The place of PEEPs

As part of Ventro’s latest fire safety webinar, Elspeth Grant examined the current status of PEEPs and their importance in healthcare settings

There is a common perception that recently we are being hit by new fire safety regulations and laws almost on a monthly basis. However, how much has really changed and where do Personal Emergency Evacuation Plans (PEEPs) fit in?

The Regulatory Reform (Fire Safety) Order (FSO) has been on the statute books since 2006 and there have only been very small changes to it since its release. From the outset it has been a legal requirement that everyone has to be able to leave a building in the event of a fire, that there has to be appropriate procedures for this, with fire safety drills taking place, and that a sufficient number of competent people to implement those procedures must be nominated. One of the key points to note is that there are no exclusions for disabled or temporarily impaired people from those legal requirements.

Further to this, Home Office guidance as it stands reinforces these legal requirements such that any evacuation plan should not rely upon the intervention of the fire and rescue services to be successful. In sleeping accommodation and residential care premises, once a fire has started, everyone in the premises should be able to escape to a place of total safety outside the building.

Whilst the legislation has changed little since coming into law, in recent months there have been a number of prosecutions that provide us with lessons as to how the authorities are approaching fire safety and evacuation failings.

Cheshire Fire and Rescue Service has started a prosecution of six companies following a fire at Beechmere Retirement Village in 2019 where the building was completely destroyed. It is interesting to note that these prosecutions are going ahead despite there being no injuries or fatalities because it is alleged that there was a failure to establish and give effect to appropriate evacuation procedures, including safety drills.

Whilst this legal action is ongoing and we have yet to see whether it will come to court, in July 2024 two care home directors were prosecuted over fire safety failings in their buildings and were fined £124,455 and received criminal records. The enforcement notices that preceded this prosecution stated that the fire risk assessment needed to adequately address the needs of all people, including disabled people.

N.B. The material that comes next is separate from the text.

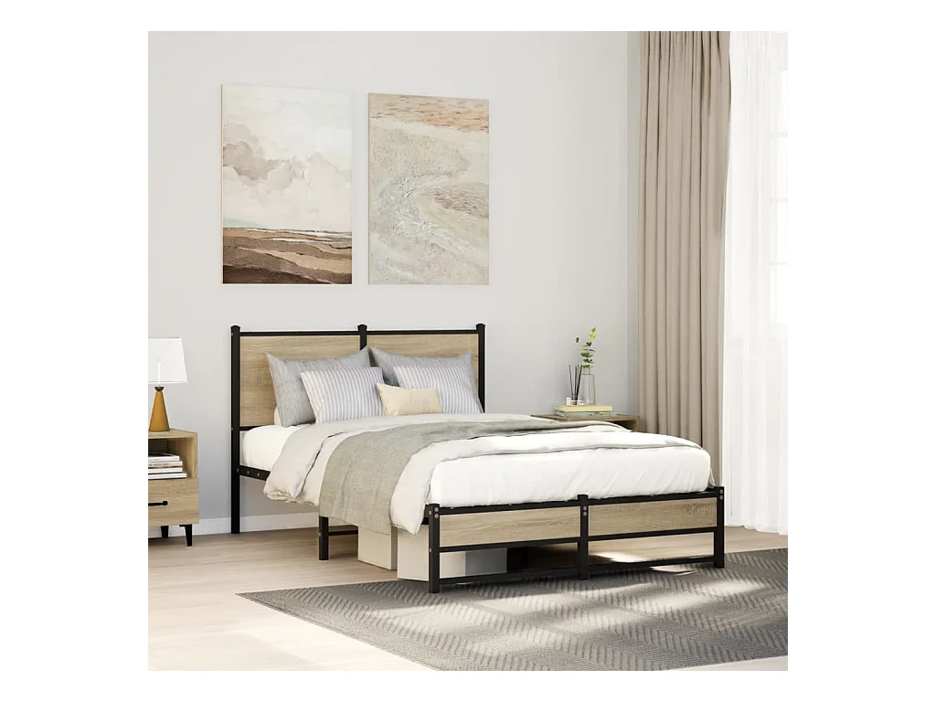 Cadre de lit en métal sans matelas chêne sonoma 120x190 cm
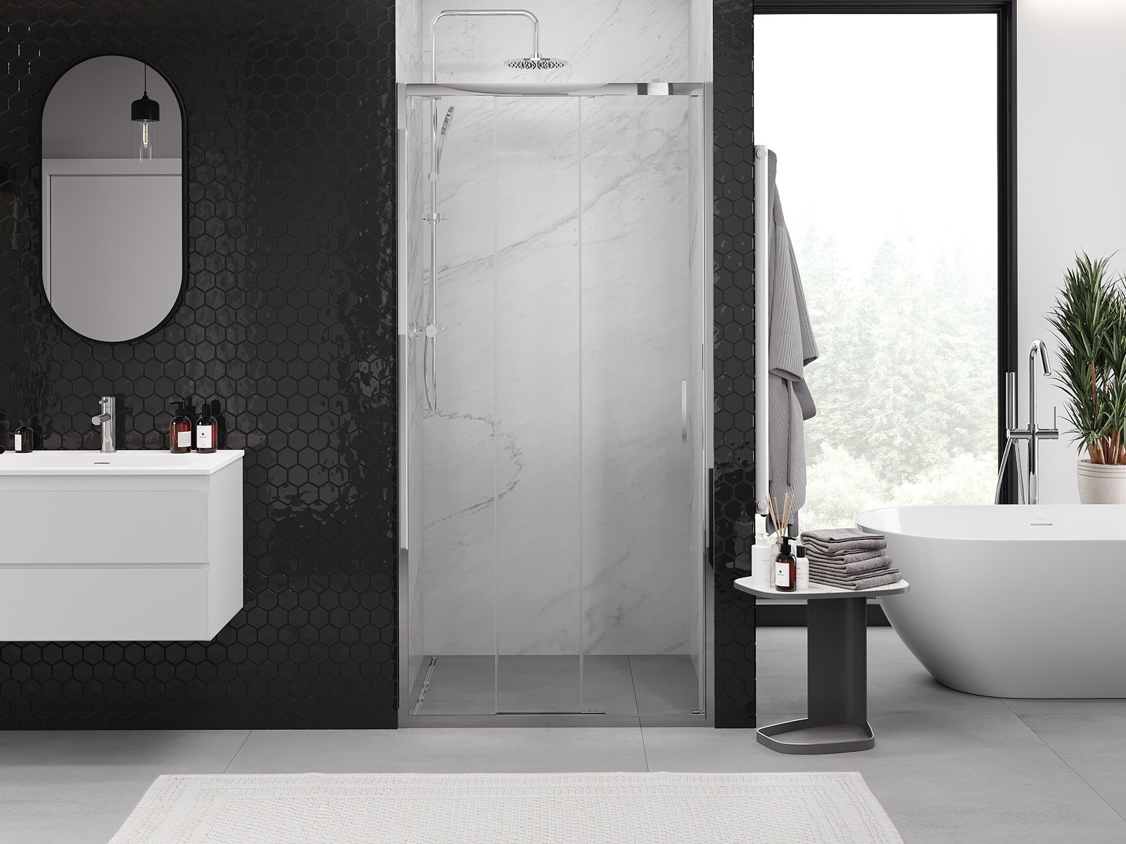 Mexen Exo-3S 95 cm-es tolóajtós zuhanyajtó, átlátszó, króm - 8153-095-000-01-00

The judgment on these convictions said, “the number of vulnerable residents placed at risk due to the defective fire doors and lack of detection alarms raised the level of harm to a higher level”, with the judge adding that “the owner should have taken the time to understand published regulations and guidance when providing this type of service”. These cases show the level to which responsible persons must engage with all regulations and guidance, including that around evacuation planning.

Producing a PEEP

Too often there is confusion over what must be produced to meet the requirements. To begin with, there is a clear difference between a Person-Centred Fire Risk Assessment (PCFRA) and a PEEP. A PCFRA is about protecting individuals from fire and preventing it occurring in the first place. It is not an evacuation plan to total safety, which is what the law requires.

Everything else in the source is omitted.